# color pattern ...any one know what this is ?



## Norah (Apr 4, 2012)

This is the funniest color I have ever seen , and with every day she gets more spots ! Peach is an ASPC mare , 4 years old in June . I clipped her 2 weeks ago ( more or less) to treat with lice , she is becomming more spotty , her skin is soft and smooth , theses spots are black hairs . She is a liver Chestnut on her paper . Anyone even see spots like this before ' I treated her with ivermectan paste , powder for lice , and Lavender oil spray , she has no eggs or lice anywhere on her body right now.
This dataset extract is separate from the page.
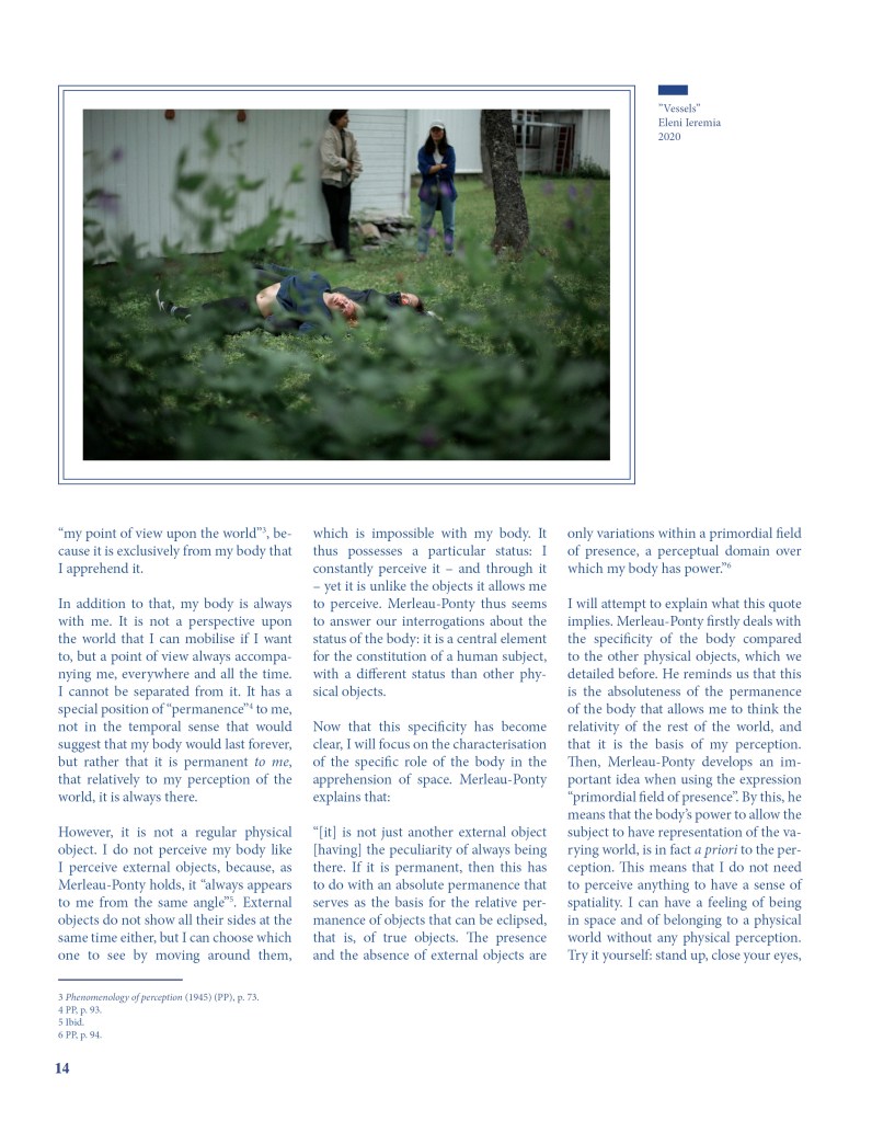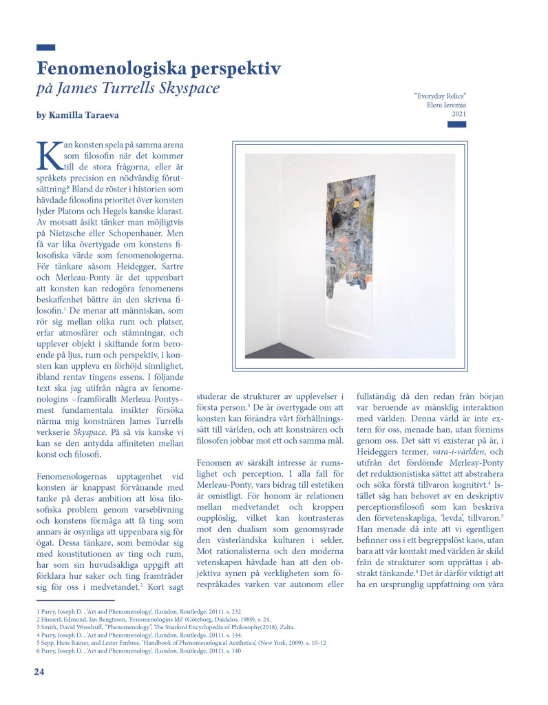 ”Merleau-Ponty skulle nog säga att Turrell faktiskt lyckas utföra det som fenomenologen endast kan drömma om att åstadkomma med ord. Turrells blick har formats av det medium som han har bemästrat, ljuset, vilket gör hans perception unik. Den är finstämd och kan berätta något nytt om världen då den ständigt har pressats av sitt hantverks krav.”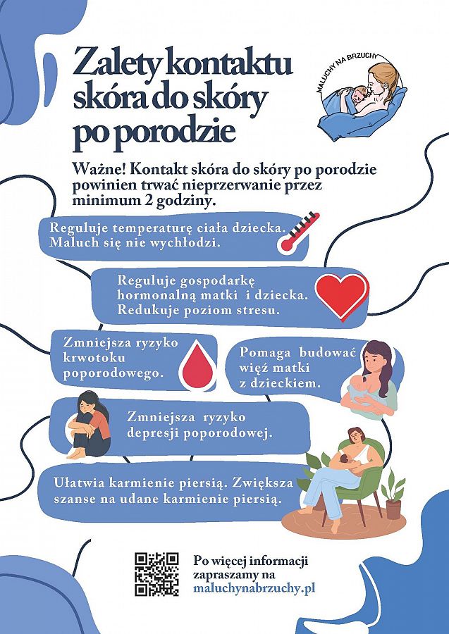 - przebywanie na brzuchu mamy zapewnia dziecku optymalną temperaturę, co redukuje ryzyko wychłodzenia organizmu;

Also feeding her black sunflower oil , and a oil made for horses skin and coat 20 or so Alpen herbs in a synergy , blend of oils ... would love oppinions she was clipped with a 10 ... so pretty short


----------



## Norah (Apr 4, 2012)

I dont think she is a liver chestnut ... I think she is a dark bay , but what the heck are these spots about ?Dam and sire ...Instant replay, and Animated Animal ...Michigan


----------



## paintponylvr (Apr 4, 2012)

To me, clipped, she looks like the big horses do (Quarter and Paint horses) that are roans. She looks like a bay roan, but I'm not sure - I'm already discovering that Shetland roaning patterns are NOTHING like what I was used to from the working horse world.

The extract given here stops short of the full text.